Глядя на него, я впервые начал понимать, что означает это событие. Кандидат в президенты убит. Дэнни обвиняется в его убийстве. За долю секунды мой сын стал достоянием публики. Орудием в политической борьбе, жертвой на алтарь. Для большинства он уже не ребенок, даже не человек. Действовать надо быстро, пока мой сын не стал рабом истории.

– Я имею в виду, – сказал Дэвидсон, – что за Дэниела можете не волноваться. Или лучше звать его Картером? В наших интересах сохранить ему жизнь и здоровье.

«Не спеши! – приказал я себе. – Хладнокровнее».

– Я где-то слышал, – сказал я, – что в этой стране человек невиновен, пока его виновность не доказана.

Дэвидсон пожал плечами:

– Этот вопрос мы и пытаемся решить. С кем дружил ваш сын? Зачем приехал в Техас? Почему в Сакраменто? Где встречался с инструктором? Мы должны знать, действовал ли ваш сын в составе группы.

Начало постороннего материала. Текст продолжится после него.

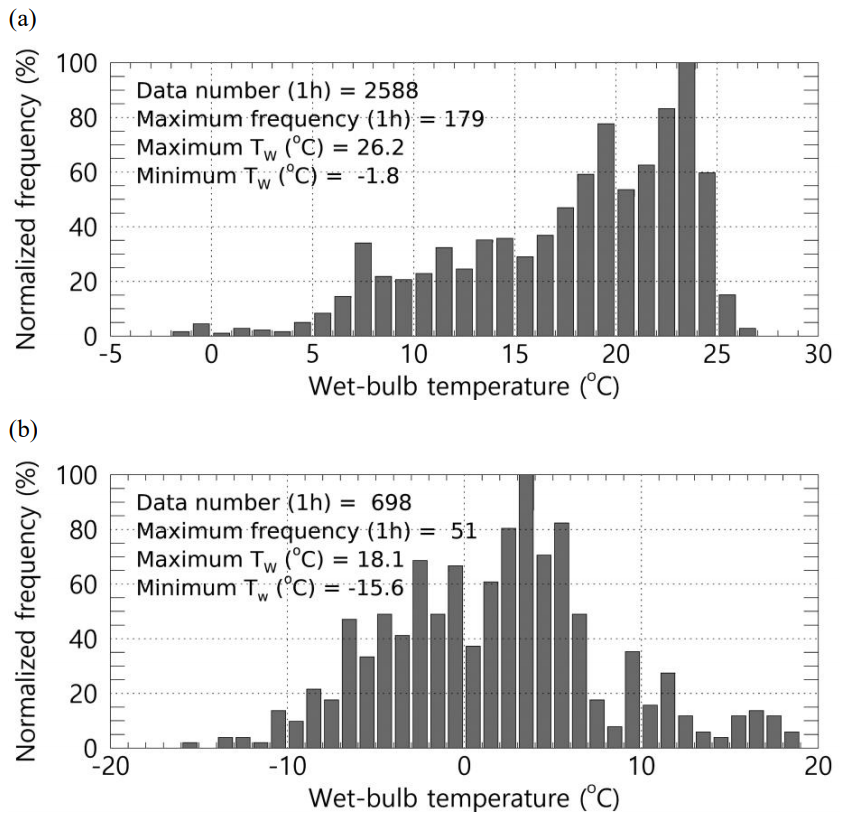 Figure 4Normalized frequency distribution of Tw during the analysis period (when the average hourly Tw is (a) Tw≥5 °C, (b) Tw<5 °C).

– Не знаю, – ответил я. – В последний раз, когда звонил, он сказал, что в Сиэтле.

– Насколько нам известно, – сообщил Дэвидсон, – в Сиэтле ваш сын не бывал.

Мойерс, стоявший у двери, тронул ухо пальцем и, подойдя к Дэвидсону, прошептал что-то.

– Любопытно, – заметил тот. – Оказывается, ваш сын волонтером участвовал в агитационной компании Сигрэма в Остине, Техас. Вы знали?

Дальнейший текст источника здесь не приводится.